Term Definition Reference
Provenance A signed statement linking a published tarball to the exact source commit and CI workflow that produced it npm Provenance & Sigstore Attestation
Sigstore The open, keyless signing infrastructure (Fulcio + Rekor) npm uses to generate and store provenance attestations npm Provenance & Sigstore Attestation
OIDC trusted publishing A publish flow where npm exchanges a CI-issued OIDC token for a short-lived credential, removing the need for a stored NPM_TOKEN Configuring OIDC Trusted Publishing for npm
dist-tag A named pointer (latest, next, beta) that maps to a specific published version, controlling what plain npm install resolves to Managing prerelease and dist-tags on npm
Attestation The signed, verifiable record (build provenance or publish attestation) stored alongside a package version in the registry Publishing with npm Provenance in GitHub Actions
publint A static linter that checks a package’s exports, main, and types fields resolve to files that actually exist in the published tarball Using publint to catch exports errors
attw (are the types wrong) A CLI that simulates how TypeScript resolves a package’s types under every moduleResolution mode and reports mismatches Checking types with are-the-types-wrong

Core Concepts

The automated release pipeline

A dual-format package cannot be published safely by running npm publish from a developer’s laptop.
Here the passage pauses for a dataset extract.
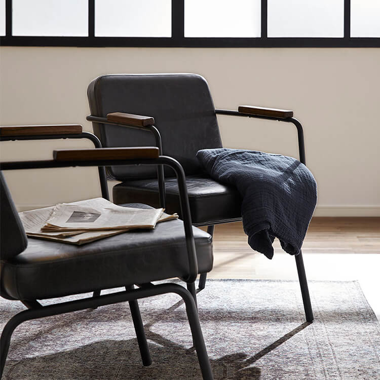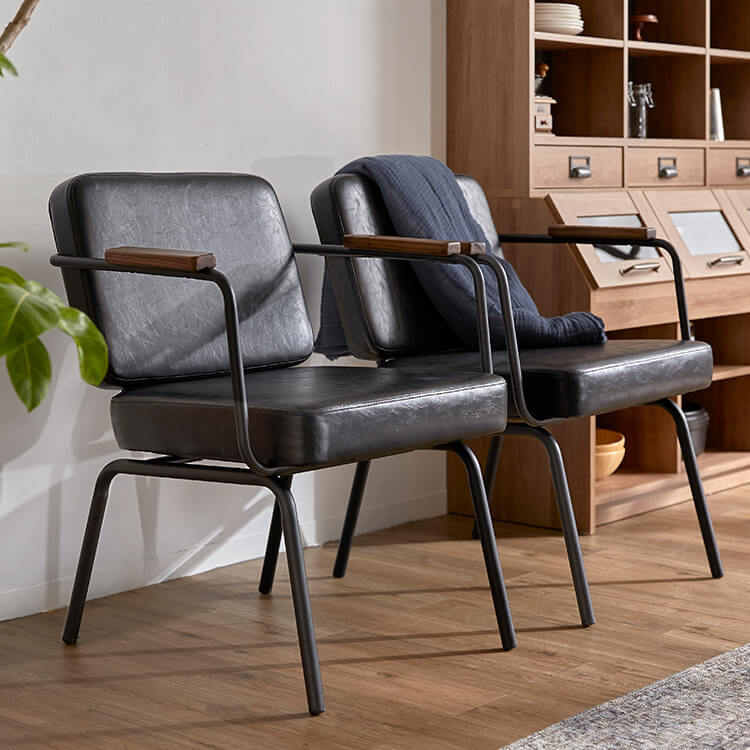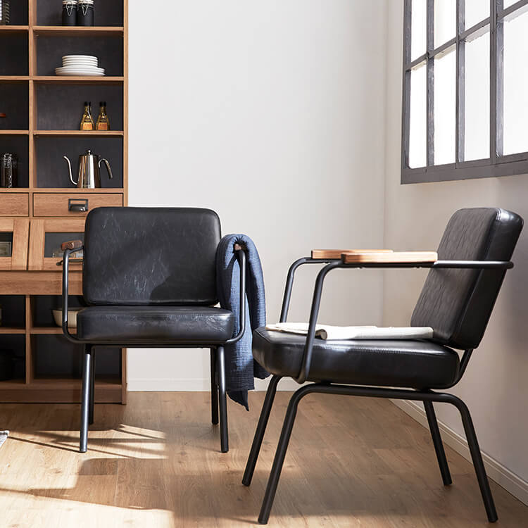 ソフトレザーとスチールの組み合わせが魅力のソファが、お洒落カフェのような居心地のよい空間へと導いてくれます。スチールの無機質な素材感に、重厚感のあるPVCソフトレザーを組み合わせれば、1つの素材では作りだせない新しいムードを創造。それぞれの素材の魅力を高め合います。1人でゆったり座ってくつろげる1Pソファ。お部屋に合わせやすいので、ダイニングスぺースや作業スペースなど、様々なシーンでお使いいただけます。皮革の美しさを再現した風合いある美しさと、サラッと心地よい肌触りが特徴のPVC(合成皮革)。キズや汚れに強く、お手入れも軽い汚れならサッと拭くだけでカンタンです。
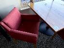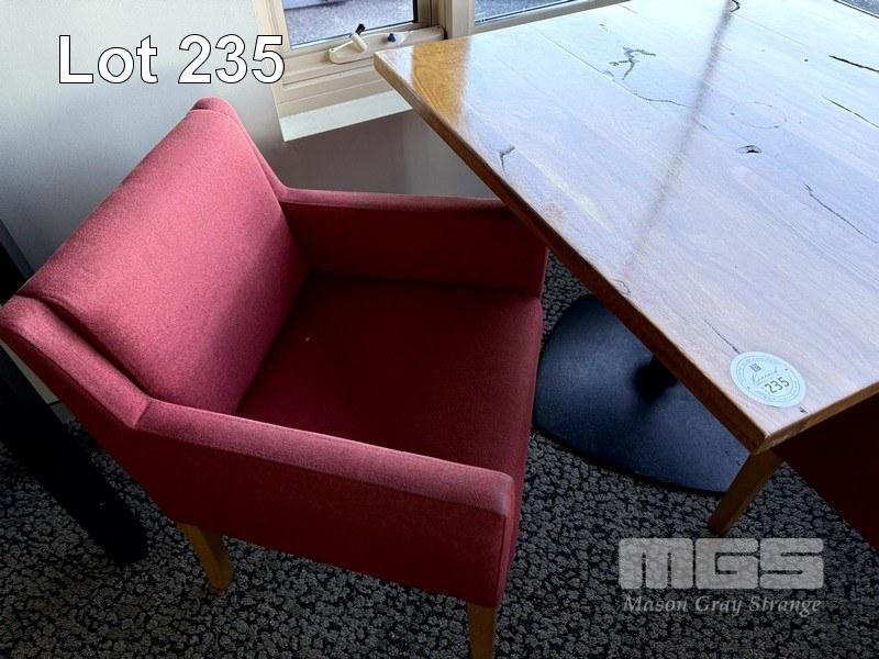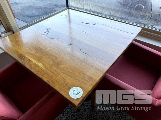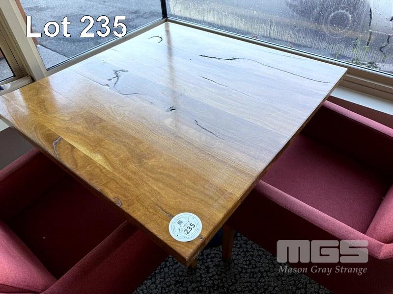 WESTERN AUSTRALIAN MARRI TIMBER TOPPED DINING TABLE 1000 x 1000mm WITH 33mm THICK CLEAR STAIN, STYLUS 5410 BLACK METAL SQUARE BASE & 2 X COMO OTWAY GARNET COLOURED FABRIC DINING ARMCHAIRS

The build step must run in a clean, reproducible environment so the ESM and CJS artifacts in the tarball match exactly what CI validated — a laptop with stale dist/ output or an uncommitted local patch produces a tarball nobody can audit. The baseline pipeline triggers on a version tag, installs with a locked lockfile, builds both formats, validates the result, and only then publishes:

name: Release
on:
  push:
    tags:
      - 'v*'

permissions:
  contents: read
  id-token: write   # required for --provenance and OIDC trusted publishing

jobs:
  release:
    runs-on: ubuntu-latest
    steps:
      - uses: actions/checkout@v4
      - uses: actions/setup-node@v4
        with:
          node-version: 20
          registry-url: 'https://registry.npmjs.org'
      - run: npm ci
      - run: npm run build
      - run: npx publint --strict
      - run: npx attw --pack .
      - run: npm publish --provenance --access public

Every step is ordered deliberately: npm ci (not npm install) enforces the committed lockfile, the build runs before validation so publint inspects real output, and npm publish is the last step so a validation failure never reaches the registry.

How provenance attestation works

npm publish --provenance asks npm to generate a Sigstore attestation during the publish step instead of, or in addition to, signing with a maintainer’s personal key. The CI job proves its identity to Sigstore’s Fulcio certificate authority using the workflow’s short-lived OIDC token — no long-lived signing key is stored anywhere. Fulcio issues a certificate valid for minutes, npm’s CLI signs the package manifest and tarball digest with it, and the resulting attestation is written to Sigstore’s Rekor transparency log, a public, append-only ledger.

# Inside the CI job, after the build:
npm publish --provenance --access public

# npm CLI (>= 9.5) performs, transparently:
# 1. Requests a short-lived OIDC token from the CI provider (GitHub Actions)
# 2. Exchanges it for a Fulcio-issued signing certificate
# 3. Signs the tarball digest + build metadata
# 4. Uploads the attestation to Rekor and links it to the published version

The result is a verifiable answer to “which commit and which workflow run produced this exact tarball” — without requiring consumers to trust the maintainer’s personal machine or a shared secret.

Token auth vs OIDC trusted publishing

Classic npm automation relies on a long-lived NPM_TOKEN stored as a repository secret. It works, but the token grants publish rights indefinitely until manually rotated or revoked, and a leaked token compromises every package it can publish. OIDC trusted publishing removes the stored secret entirely: the maintainer configures npmjs.com to trust a specific GitHub repository and workflow file, and at publish time npm exchanges the workflow’s ephemeral OIDC token for a publish credential that expires within minutes.

# No NPM_TOKEN secret required at all — trust is configured on npmjs.com
permissions:
  id-token: write
  contents: read

steps:
  - uses: actions/checkout@v4
  - uses: actions/setup-node@v4
    with:
      node-version: 20
      registry-url: 'https://registry.npmjs.org'
  - run: npm ci && npm run build
  - run: npm publish --provenance

If the workflow file, branch, or repository does not exactly match what was registered as a trusted publisher, the exchange fails closed — there is no fallback to a stored token unless one is explicitly configured as a backup.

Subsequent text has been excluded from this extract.